Business
Astro-Med awarded damages
01:00 AM EDT on Thursday, July 31, 2008
A federal judge last week handed West Warwick-based Astro-Med Inc. a $560,000 award stemming from a lawsuit against a former employee who had gone to work for a competitor.
The financial award in punitive damages and legal fees comes almost three months after a jury in Providence awarded the company $375,800 after a four-day trial.
The company first filed the lawsuit against former employee Kevin Plant, of Lake Mary, Fla., in December 2006 after he went to work for Nihon Kohden America Inc., the California subsidiary of a Japanese manufacturer of life-sciences equipment.
Plant was a former district sales manager for Astro-Med in Florida where he sold medical diagnostic and monitoring equipment made by the company’s Grass Technologies unit. The company alleged that Plant violated a non-compete clause of his employment agreement when he took the job with Nihon Kohden.

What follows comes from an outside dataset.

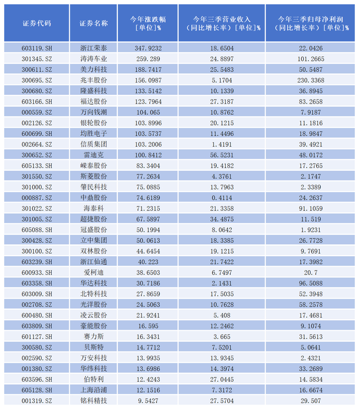 据览富财经统计,今年前三季度实现营业收入、归母净利润均同比增长,且截止10月31日收盘年内股价出现上涨的有32家上市公司。

“He was doing well, then he turned around and stepped into a Japanese competitor,” said Everett V. Pizzuti, Astro-Med’s president.
Within days of the lawsuit’s filing, Plant and Nihon Kohden sought and won the case’s transfer to U.S. District Court in Providence.
The case proceeded slowly from that point before culminating in a trial that concluded April 8, when the jury sided with Astro-Med.
“[The case] was drawn out a little bit by their jurisdictional challenge,” said Stacey Nakasian, the lawyer representing Astro-Med. “These things don’t typically go to trial.”
During the trial, she was able to draw out that Plant was calling on Astro-Med’s existing customers and those on a list of prospective customers, in violation of an injunction granted by Chief Judge Mary M. Lisi.
Astro-Med’s sales dropped after Plant left for Nihon Kohden, Nakasian said, although it was unclear how much of that money had gone to the Japanese company.
“This is why the judge came down hard on him,” Pizzuti said.
Astro-Med (ALOT:NASDAQ) sought the injunction to give the company time to train another worker to replace Plant in Florida, Pizzuti said. Plant had been selling electroencephalography (EEG) and sleep-monitoring devices to hospitals and medical laboratories in Florida, Alabama and Georgia
EEG is the measurement of electrical activity produced by the brain as recorded from electrodes placed on the scalp.
Typically, Astro-Med requires the salespeople and professionals it hires to sign agreements prohibiting them from working on or selling devices similar to ones the company makes, sharing confidential sales or technical data with competitors, or contacting companies on Astro-Med’s sales lists, for one year after leaving.
Plant could have sold other medical equipment to Astro-Med customers, Pizzuti said.
The financial awards, totaling nearly $940,000, are not as important, Pizzuti said, as enforcing the company’s employment contracts with its workers. The court also ordered Plant and Nihon Kohden to pay another $221,000 in fees to cover Astro-Med’s legal costs.
The award had no material impact on the company’s earnings, he said.
“The most important point was protecting our rights and our proprietary information. Secondary was the monetary award,” he said.
It’s unclear whether Plant or Nihon Kohden will appeal the verdict, said Nakasian and Pizzuti.
Bruce W. Gladstone, the Providence lawyer who represented Plant in the case, could not be reached for comment yesterday afternoon.